Intelligence reports started coming in on Tuesday. J-Man, it was reported, had officially declared he had his first girlfriend. I could feel the gray hairs meeting on the top of my head, reminding each other that they’d be having new neighbors really soon.

Now, I would have loved to talk to him about it, but I wanted him to tell me first. And, I didn’t want to be too snoopy, at least not this soon.

This morning, we are driving to school and he says, “I know you know.”

We went round and round about what I knew and when I knew it. Then, I unloaded his bike from the back of the car. I said, “I was waiting for you to tell me.” He said, “You didn’t ask.” I forgot about the requisite parental privacy invasion clause in my contract.

After many half-ass attempts to talk to these kids over the years, I’ve hit upon a couple of sure-fire methods. With the boys it’s go for a ride in the car. They don’t have to look at you, but are in proximity, so they got the “Mom loves you vibe.”

With Em, the best method is to sit right across from each other, maybe even holding hands—or touching in some way, like having my arms draped over her with foreheads touching.

I sensed he wanted to talk about it, but didn’t see that we’d be alone in the car anytime soon, so I did a J-Man. He likes to talk by e-mailing me from six feet above me in the loft. So, what did I do? I called him on the phone. He called me doing so, “random.” I had all kinds of things running through my head.

 

HAH:                So, do you want to tell me about this girlfriend? [Please, don’t let her be 35 and one of your teachers]

J-Man:             Her name is *Suzy* [Ah, a name I recognize—one of his GATE

                        friends]

HAH:                She was at the basketball game Saturday?

J-Man:             Yup. [You seemed a little eager to spend an entire afternoon with just sweaty teenage boys]

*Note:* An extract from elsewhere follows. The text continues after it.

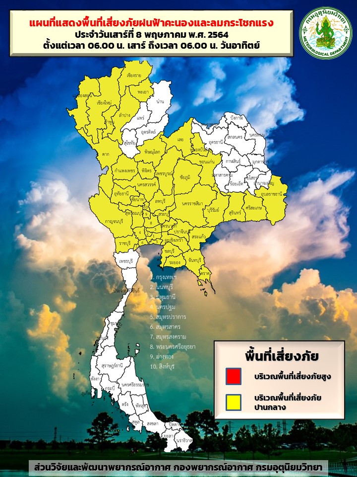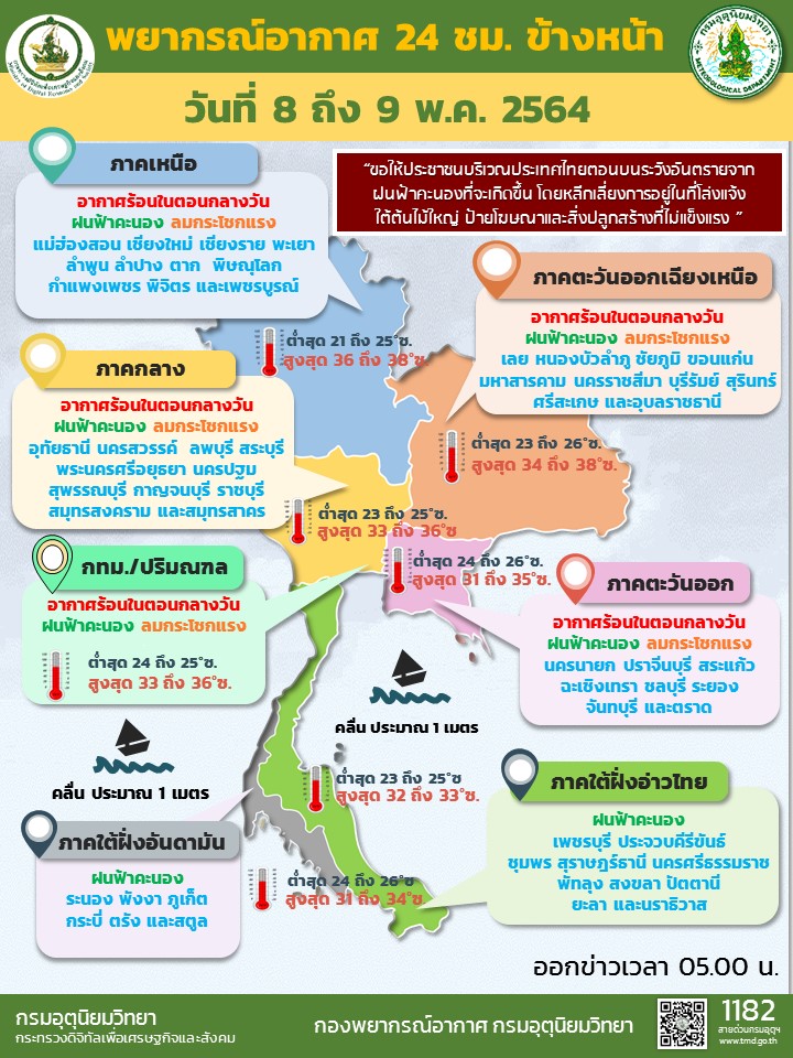 กรมอุตุนิยมวิทยาพยากรณ์อากาศ 24 ชั่วโมงข้างหน้า บริเวณความกดอากาศสูงหรือมวลอากาศเย็นจากประเทศจีนที่ปกคลุมประเทศไทยตอนบนและทะเลจีนใต้เริ่มมีกำลังอ่อนลง ลักษณะเช่นนี้จะทำให้ประเทศไทยตอนบนมีอุณหภูมิสูงขึ้น โดยมีอากาศร้อนในตอนกลางวัน ในขณะที่ลมใต้และลมตะวันออกเฉียงใต้ยังคงพัดนำความชื้นจากทะเลจีนใต้และอ่าวไทยเข้ามาปกคลุมภาคเหนือตอนล่าง ภาคตะวันออกเฉียงเหนือ ภาคกลาง และภาคตะวันออก รวมทั้งกรุงเทพมหานครและปริมณฑล ทำให้บริเวณดังกล่าวยังคงมีฝนฟ้าคะนองกับมีลมกระโชกแรงเกิดขึ้นบางพื้นที่ ขอให้ประชาชนบริเวณประเทศไทยตอนบนระวังอันตรายจากฝนฟ้าคะนองและลมกระโชกแรงที่จะเกิดขึ้นไว้ด้วย โดยหลีกเลี่ยงการอยู่ในที่โล่งแจ้ง ใต้ต้นไม้ใหญ่ ป้ายโฆษณา และสิ่งปลูกสร้างที่ไม่แข็งแรง สำหรับเกษตรกรควรเตรียมการป้องกันและระวังความเสียหายที่จะเกิดต่อผลผลิตทางการเกษตรไว้ด้วย สำหรับลมตะวันออกที่พัดปกคลุมอ่าวไทย ภาคใต้ และทะเลอันดามัน มีกำลังอ่อนลง ทำให้ภาคใต้มีฝนลดลง

HAH:                So, what does it mean to be a boyfriend? [Don’t you dare say you hope to get your own stable going to make a little spending money.]

J-Man:             What do you mean?  It means what you think it means. [Son, you don’t know what I think it could mean]

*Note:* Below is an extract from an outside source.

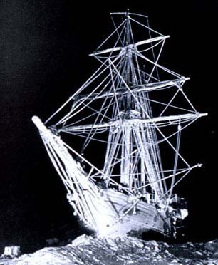 1915年2月22日,「坚忍号」(the Endurance)来到南纬77度,距离南极陆地还有144公里——然后就被困在浮冰中,随之漂流。最后,船身逐渐承受不住流冰群的挤压。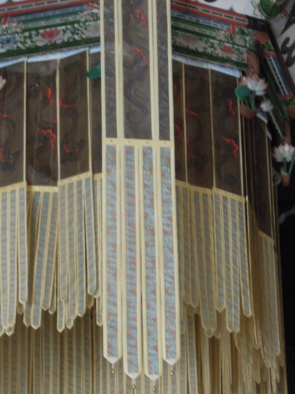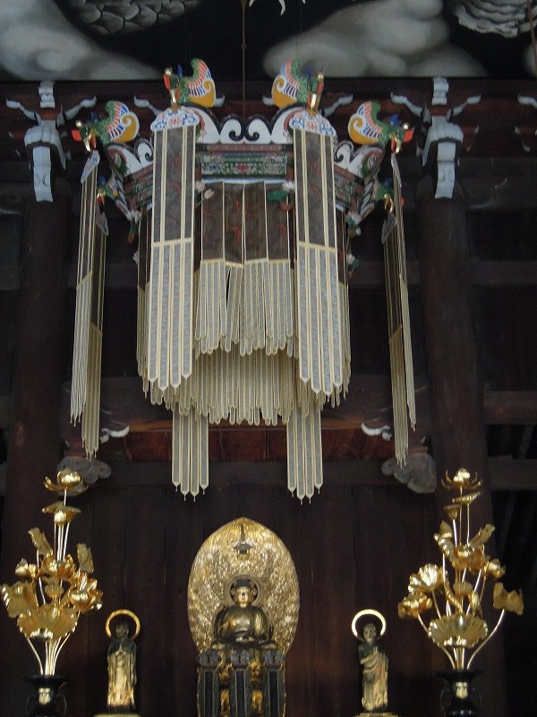 天井にはすごく立派な天蓋がきらめいています☆ところどころに金襴が使われています。

HAH:                It means all kinds of things to different people, how does it look

                        to you?

J-Man:             I dunno.  [Long, close, slow dances and liplocks have no place

                        in there, right?]

HAH:                Will you be going out on dates, just the two of you?

J-Man:             No, her parents are strict; I don’t think they’ll let her. [Thank you parents of *Suzy*]

HAH:                So, you’ll be doing the group get-together thing? [Damn right!]

J-Man:             Yes.

HAH:                I think we’ll be revisiting the safe sex talk though, okay?

J-Man:             Yes.  [At least he didn’t say, “too late.”]


We talk about sex frequently – the physiological mechanics, the emotional consequences, and the way to behave and treat your partner if you do decide you’re going to have sex. I don’t condone having sex young. I’d like them to wait. They know that too. If you ask any of them when they are allowed to get married or make me a grandma, they’ll, by rote, say, “I’ll be at least 25 years old and have an education and a j-o-b.” Kind of a family joke, but the idea behind it is sincerely and deeply meant. I want them to get a start in life and not be tied down by the aftermath of having sex early or starting a family or being forced to make a choice about abortion or adoption. There are more condoms laying around all over this house than in some 3rd world nations.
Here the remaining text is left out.